グレインフリーやヒューマングレードのフードは安全ですか?
それらの言葉は安全性を保証する公的な基準ではありません。穀物の有無よりも、主食として必要な栄養を満たしているか、愛犬の健康状態に合っているかを確認することが大切です。
総合栄養食と表示されていれば、どのフードを選んでも同じですか?
同じではありません。成犬用、子犬用、妊娠授乳期用など、ライフステージごとに栄養設計が異なります。愛犬の年齢や状態に合わせたものを選ぶ必要があります。
ウェットフードとドライフードの栄養価はどう比較すればいいですか?
水分量を含む保証分析値のままでは正しく比較できません。水分を除いた「乾物重量」に換算することで、同じ条件で栄養濃度を比較できます。
療法食はネットの口コミで選んでもいいですか?
自己判断で選ぶのは危険です。
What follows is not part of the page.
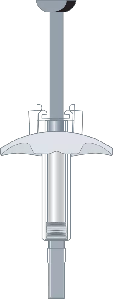 After the blue plunger is released, the safety lock will draw the needle inside the guard needle
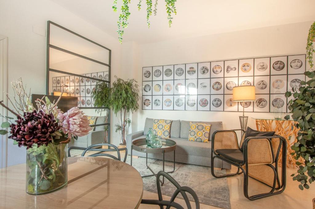 Апартаменты также находятся рядом с мостом Триана и площадью Пласа-де-Армас, а район Баррио-Санта-Крус — менее чем в километре. К таким достопримечательностям, как площадь Испании, парк Мария Луиса и Королевский Алькасар Севильи, можно легко добраться пешком или на транспорте. Аэропорт Севильи расположен в 11 км от объекта.

療法食は疾患の種類や進行状態に合わせて栄養が調整されているため、必ず獣医師の診断と指導のもとで使用してください。
サプリメントを飲ませれば健康になりますか?
サプリメントは食品であり、病気の治療薬ではありません。あくまで栄養の補完や健康維持のサポートとして考え、主食の栄養バランスを整えた上で検討してください。